(Even When You Don’t Feel Like It)
I didn’t fall short by lunchtime today. I fell short about 5 seconds after waking up.
I opened my eyes with a heavy heart, still carrying the sting of a betrayal I thought I had already handed over to God. But instead of meeting the morning with mercy, I sat in the pain. I didn't pray. I didn't worship. I didn't surrender. I picked up my phone to turn off my alarm and got smacked by the verse of the day:
“Cast all your anxiety on Him because He cares for you.” — 1 Peter 5:7
Same verse I read the night before.
Same one I said I'd walk in.
But I didn't.

It's wild how fast we drift. From the promise of peace to the weight of our own emotions, just like that. And it's humbling when the verse you claimed last night ends up being the very one you ignore first thing in the morning. My Lock Screen was basically like, "You gonna follow the instructions or not?"
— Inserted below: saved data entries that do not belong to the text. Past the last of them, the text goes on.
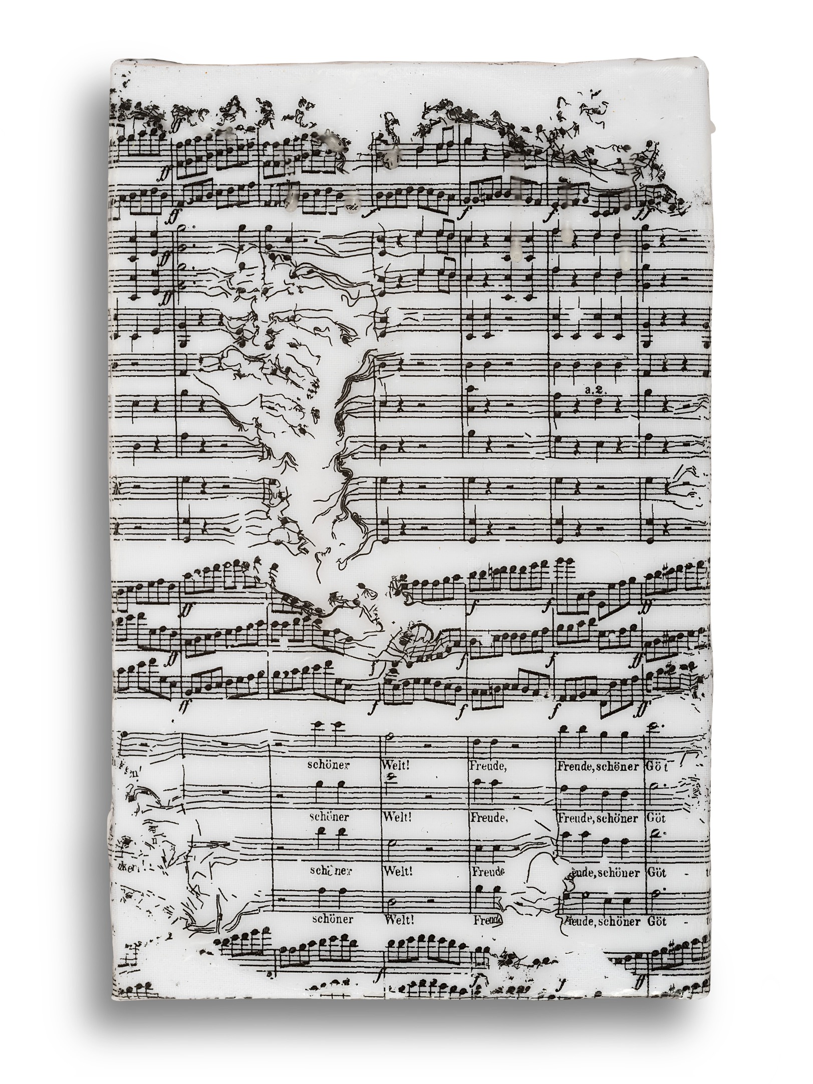 L’esposizione raccoglie il più recente ciclo di lavori realizzati in cera e paraffina spostando così la ricerca verso la materia. Testi tratti da indici borsistici, geografie alpine, partiture e letteratura vengono trascritti su superfici cerose e dissolti dal fuoco. È nell'istante del crollo, economico, ecologico, culturale, che Morandini trova il suo soggetto. Queste opere su cera e paraffina sono rese vive dal calore e dalla fiamma, diventando strumenti di trasformazione e ricerca estetica. Il pennello si trasfigura nel fuoco, che scioglie e plasma, facendo emergere testi e forme in continua metamorfosi. La materia passa da solida a liquida, poi si ferma, pronta a rifluire se nuovamente risvegliata, come un’onda che accoglie e abbandona. I segni e i testi, dalla Divina Commedia a scritti più intimi, si piegano al processo, rivelando fragilità, crolli e speranze. È un lavoro che intreccia ossessione e bellezza, sostenuto da una ricerca tecnica accurata, attrezzi costruiti su misura e un’attenzione all’estetica giapponese del vuoto e dell’impermanenza.
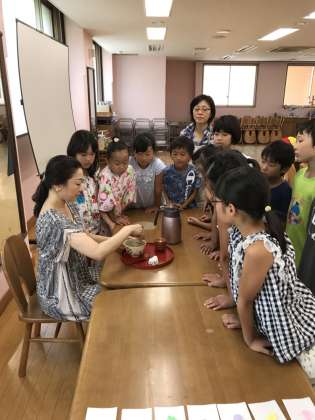 24日。ランチルームでテーブル茶道の体験をしました。茶道は、和室で正座で行うものと思っていましたが、略式化され親しみやすい茶道の流儀もあるようです。講師の先生に抹茶の点て方を教えていただいた後、子ども達も点てました。和菓子の代わりにアイスクリームを食べました。親しみやすい茶道でも、心や姿勢を整えたり、お客様をもてなしたりするという精神は大切にされています。
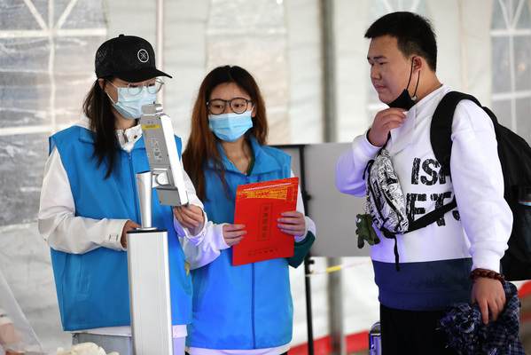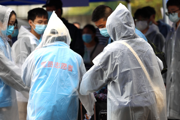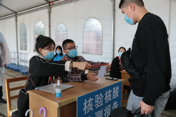 整个迎新现场秩序井然,新生按照相关指引有序报到。新生报到时需检测体温,查询健康码、个人旅行轨迹及登车(机)前 48 小时内核酸检测阴性证明,核对与检测无误后学生本人携带《新生录取通知书》和二代身份证进校,进行核酸采样后继续接下来的报到流程。
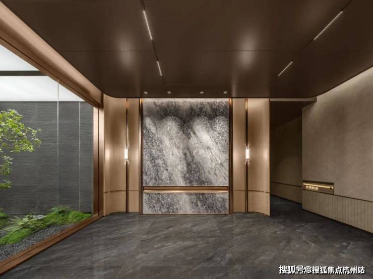 归家大堂 延续了书卷气息以及奢而不俗的活力感,搭配都会新贵白金色调,既有书香之韵,又有人居宅院的气质。
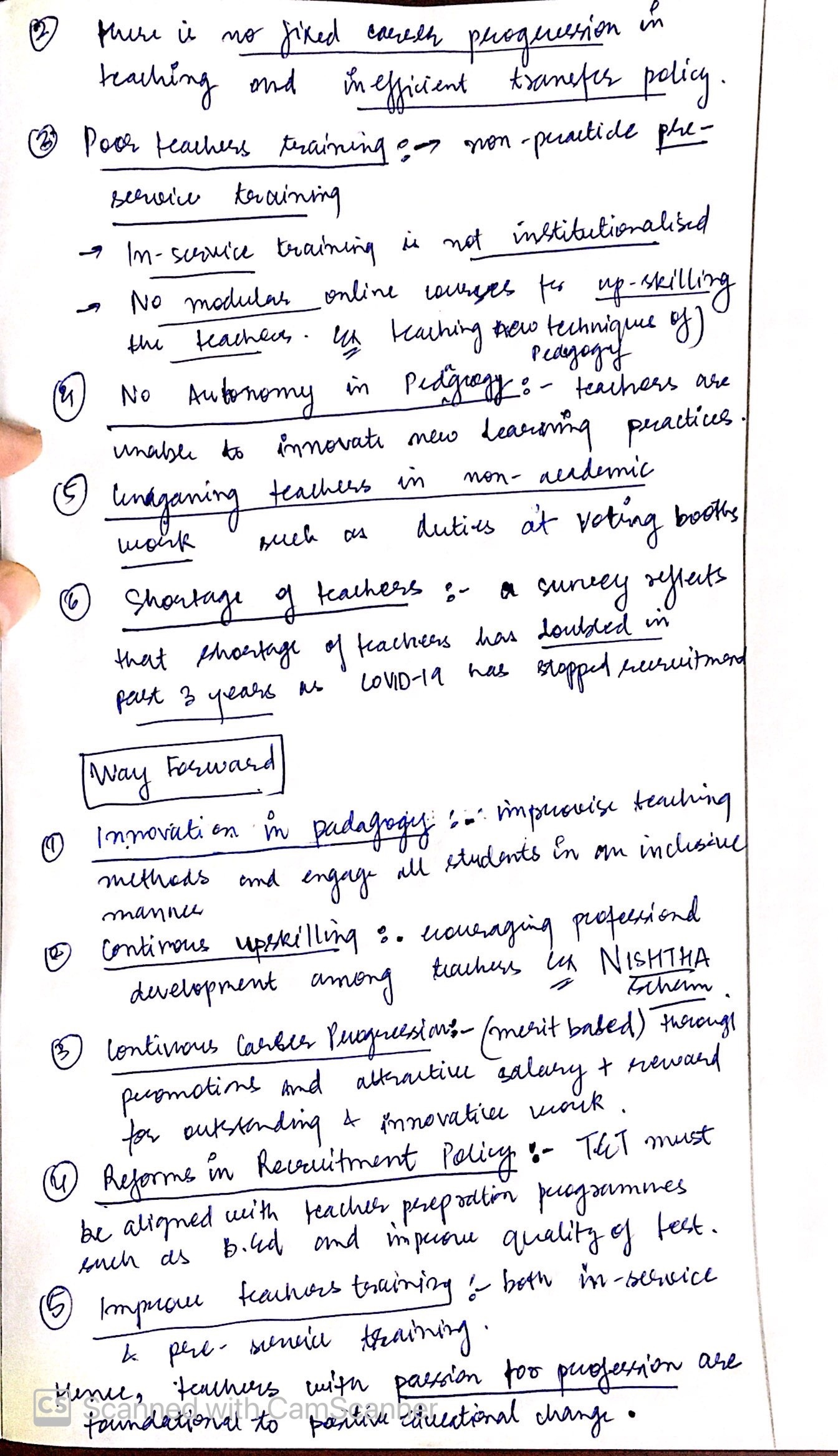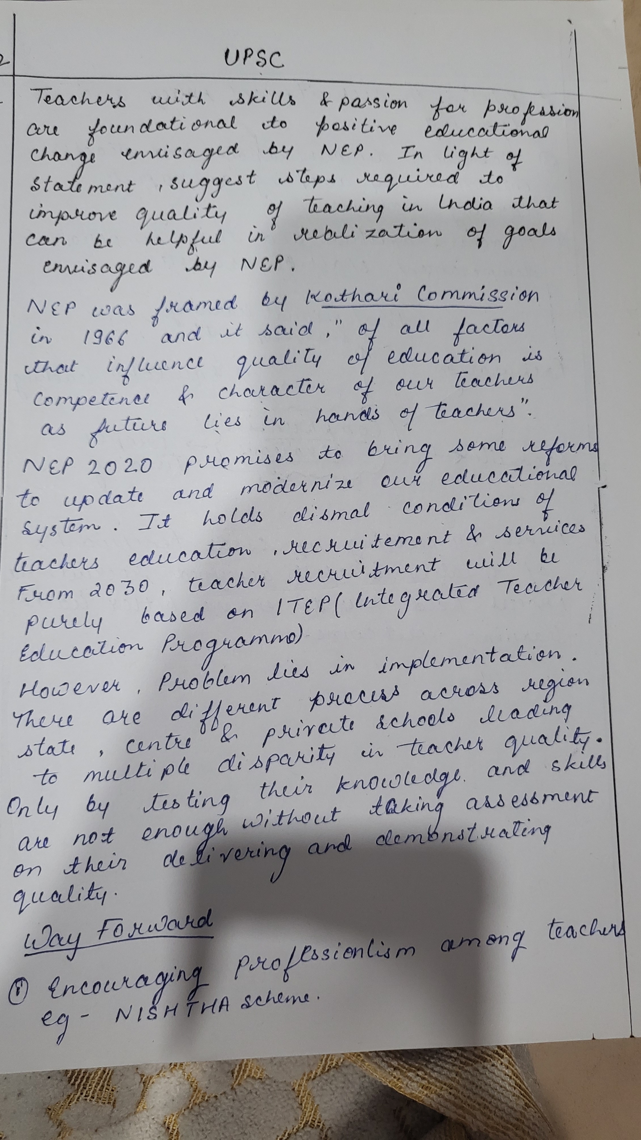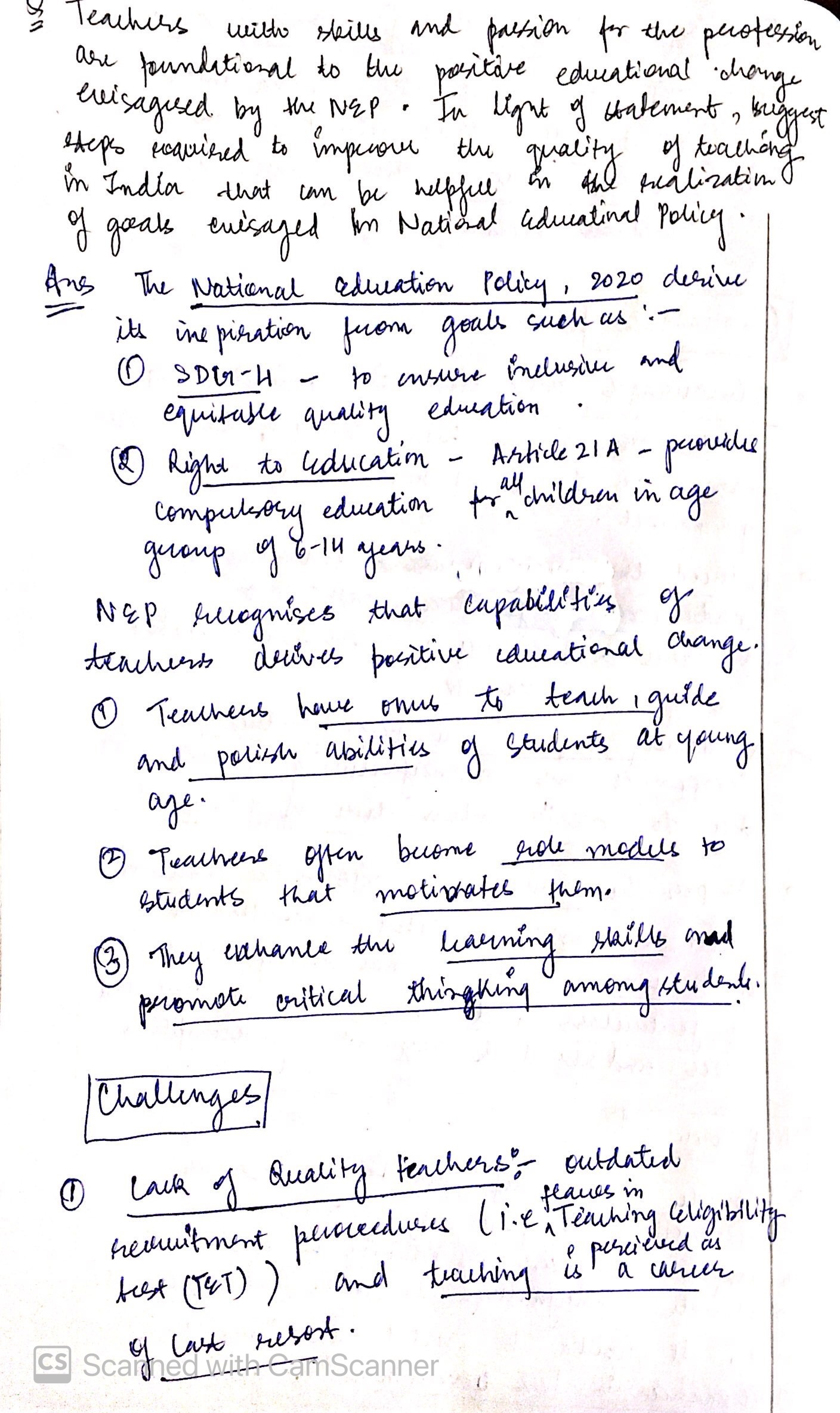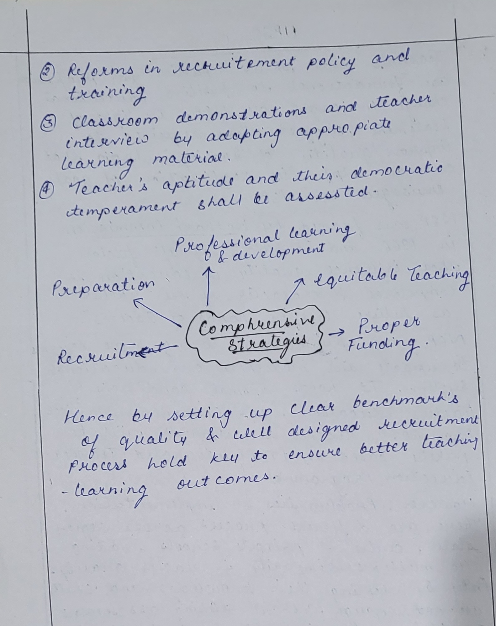 Very apt suggestions. I think introduction can be added to add more value to the answer, e.g., You can mention about emphasis of NEP about quality of teaching or link it with SDGs or RTE Act.

Galatians 5:17 says, "The sinful nature wants to do evil, which is just the opposite of what the Spirit wants. And the Spirit gives us desires that are the opposite of what the sinful nature desires. These two forces are constantly fighting each other, so you are not free to carry out your good intentions."
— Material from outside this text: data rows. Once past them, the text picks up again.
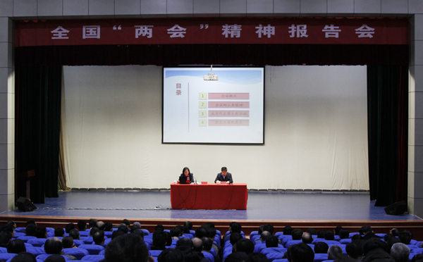 本网讯  4月4日,学校召开全国两会精神学习报告会。全国人大代表、潍坊市总工会副主席、山东鸢都英合律师事务所主任高明芹全国两会精神传达报告。校党委书记孙文亮主持报告会。校领导冯滨鲁、王清明、丁子信、马茜华出席报告会。
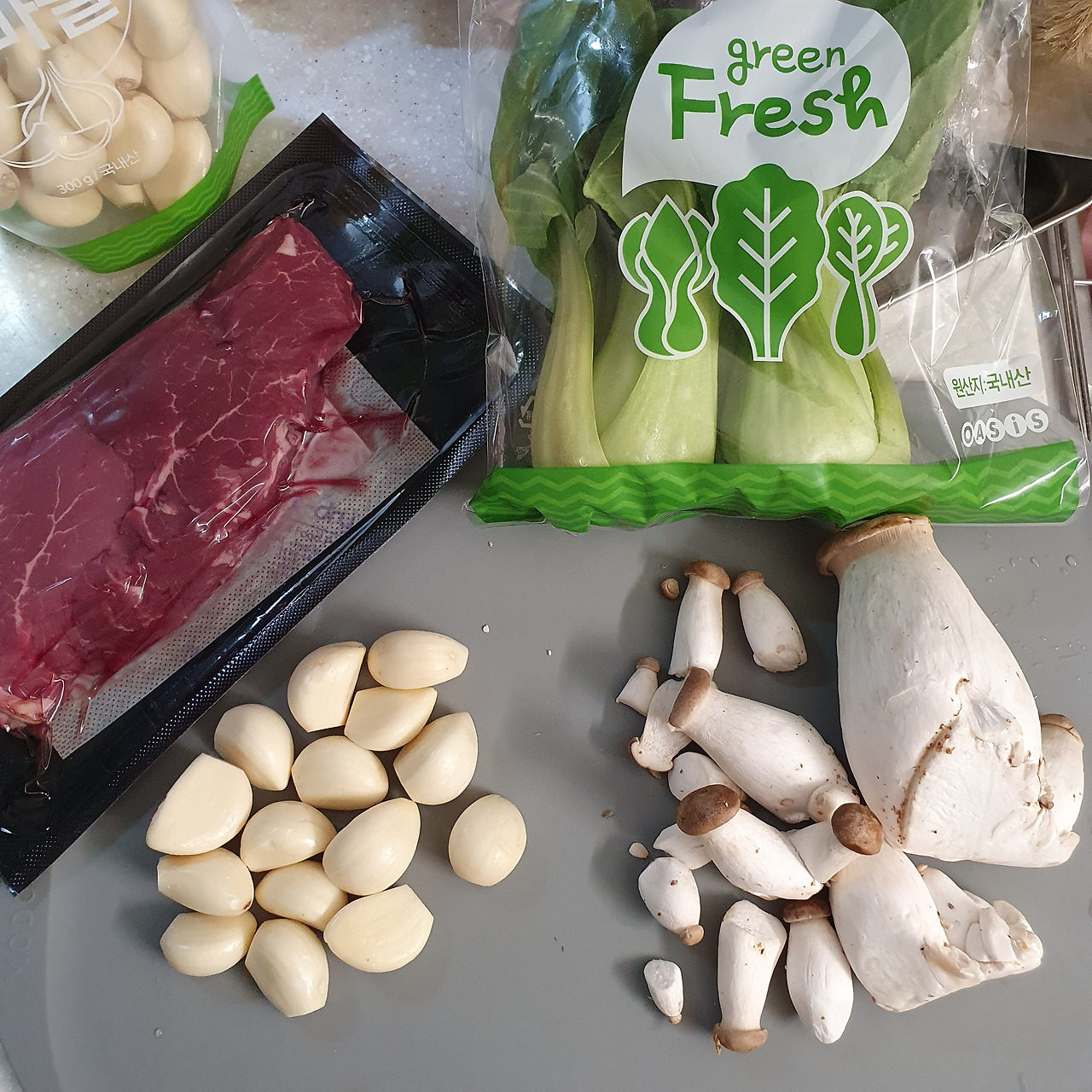 연말이기도 하고, 분위기도 내볼 겸 오늘은 스테이크를 요리해주기로 했다. 아내가 좋아하는 청경채 볶음과 함께 안심 스테이크를 만들어주었다. 그리고 아내가 좋아하는 감자 같은 마늘 볶음을 한가득 해주었다.
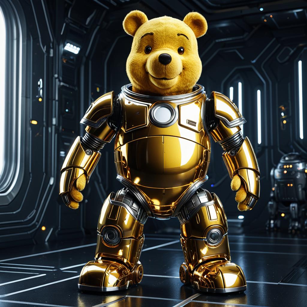 Absurdres, (realistic:1.5), (masterpiece, Extremely detailed CG unity 8k wallpaper, best quality, highres:1.2), (ultra_detailed, UHD:1.2), perfect illumination, rim lighting, sidelighting, volumetric fog, god rays, (dark background:1.3), (grizzly bear heavy-ops commando (dark brown fur, bulky armored exoskeleton, camo netting, tactical gloves, battle scars, heavy load-bearing vest):1.4), (furry:1.1), animal, solo, standing, tactical armor, gloves, load bearing vest, pouches, holster, camouflage accents, neon-lit derelict spaceship corridor, holding, weapon, gun, integrally suppressed compact 9mm PDW with emerald-green muzzle glow, braided sling, faint tracer sparks and muzzle smoke, sling, muzzle smoke, cinematic DOF, particles, unreal engine, (no humans:1.2), blurry background
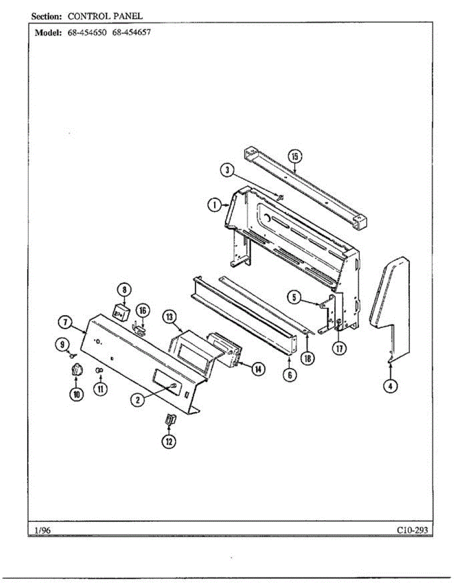 Parts for Magic Chef 68-454650: Control Panel Parts

We all feel that war. I felt it before I even got to coffee.
“For those who live according to the flesh set their minds on the things of the flesh, but those who live according to the Spirit set their minds on the things of the Spirit.” — Romans 8:5
Because notice, the verse doesn't say "read the instructions." It says follow them. It's not enough to read the instructions. Jesus didn't call us to read them… He called us to follow them.
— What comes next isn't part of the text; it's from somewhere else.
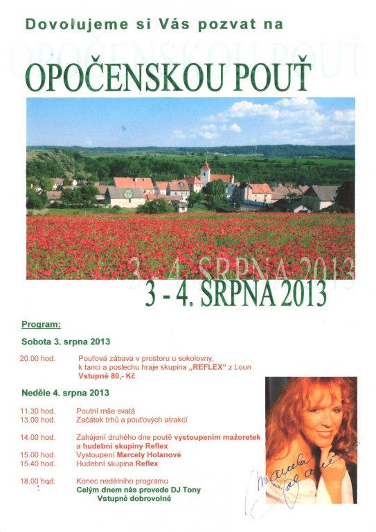 V sobotu 3.8.2013 byla ve 20.00 hod. zahájena letní pouť v Opočně taneční zábavou. Na novém venkovním podiu se představila hudební skupina REFLEX z Loun. I přes velkou nepřízeň počasí předvedli pro 150 návštěvníků perfektní výkon, především vedoucí skupiny Čenda Spousta a kytarista-zpěvák Zdeněk Gajdůšek. V neděli dopoledne proběhla poutní mše svatá, v kostele Nanebevzetí Panny Marie.Odpoledné pokračovala pouť atrakcemi kolotočů a trhových stánků. Hudební skupina REFLEX ve 14.00 hod.pokračovala v zábavě a celého nedělního programu se kvalitně ujal moderátor DJ Tony, který představil jako hosty, šest přeživších dětí z Lidic, v čele s předsedou ZO ČSBS Lidice, panem Pavlem Horešovským, dále ředitele PLJUDr.M.Červencla s manželkou MUDr.D.Červenclovou a až z Plzně k nám přijela paní Silvie Klánová (dcera akademické sochařky Marie Uchytilové) s manželem.Během programu bylo i představení dobrovolných budovatelů venkovního podia a jeho pokřtění váženou zpěvačkou, Marcelou Holanovou. Pásku přestřihla společně se starostou Václavem Fymanem a všichni křest ukončili slavnostním přípitkem. Ze sousedníchTouchovic přijeli na krásném dobovém dvoukole Radek Ložan a jeho bratr Vláďa s přátelským poselstvím a pozvánkou na pouťovou akci v Touchovicích, která se koná za týden ve dnech 10-11.8.2013. Dvoukolo slavnostně předali V.Fymanovi, ten přislíbil, že za týden z Opočna přijedou a návštěvu oplatí. Během odpoledního programu nás provázela skupina " Postoloprtské mažoretky", pod vedením Lenky Kindlové a Evy Loosové (obě mistryně ČR z roku 2000). Mažoretky patří k jedněm z nejlepších v ČR a v Opočně to potvrdily a sklidily obrovský aplaus. Vrcholem letní poutě byla již zmiňovaná zpěvačka Marcela Holanová, ktará se nezalekla zhoršujícího se počasí a svým hlasovým fondem potvrdila jaký je pěvecký formát. Myslím, že hodně posluchačů na její pěvecký přednes dlouho nezapomenou. Nedělní pouť, i přes nepřízeň počasí se zdařila a velký počet návštěvníků svým potleskem dal najevo svou spokojenost. Závěrem chci ještě zvlášť poděkovat řediteli PL JUDr.M.Červenclovi za jeho podporu a přízeň k Opočnu.

But when I did, when I shifted my focus back to the Word, peace came. Not because the ache disappeared, but because God started carrying it. And when my focus drifted again, that peace faded. Every time.
“You will keep in perfect peace all who trust in You, all whose thoughts are fixed on You.”
— Isaiah 26:3
That's not a suggestion. That's a promise with a condition. Peace comes when we fix our thoughts on Him.
The Bible Isn't Just God's Book. It Is His Word.
"In the beginning was the Word, and the Word was with God, and the Word was God." — John 1:1
The Bible is alive. Not because it changes, but because it meets you wherever you are. You can read the same verse from two completely different places in life, and it will speak directly to you both times, in totally different ways... but with the same truth.
You can read one verse in heartbreak and hear "Be still." Then read the same verse in healing and hear "Get up."
Like when Jesus said:
"Anyone who listens to my teaching and follows it is wise, like a person who builds a house on solid rock..." — Matthew 7:24
Depending on what season you're in, that can hit as a reminder that you need resilience, or wisdom before making a big decision, or that your marriage needs a stronger foundation, or that your faith is being tested and it's time to dig deep. That's five verses, and they can shift your whole day.
Jesus is the only foundation that won't crack... especially if you live in southeast Texas, you know how foundations shift. But His doesn't.
It Doesn't Keep Up with Culture. It Confronts It.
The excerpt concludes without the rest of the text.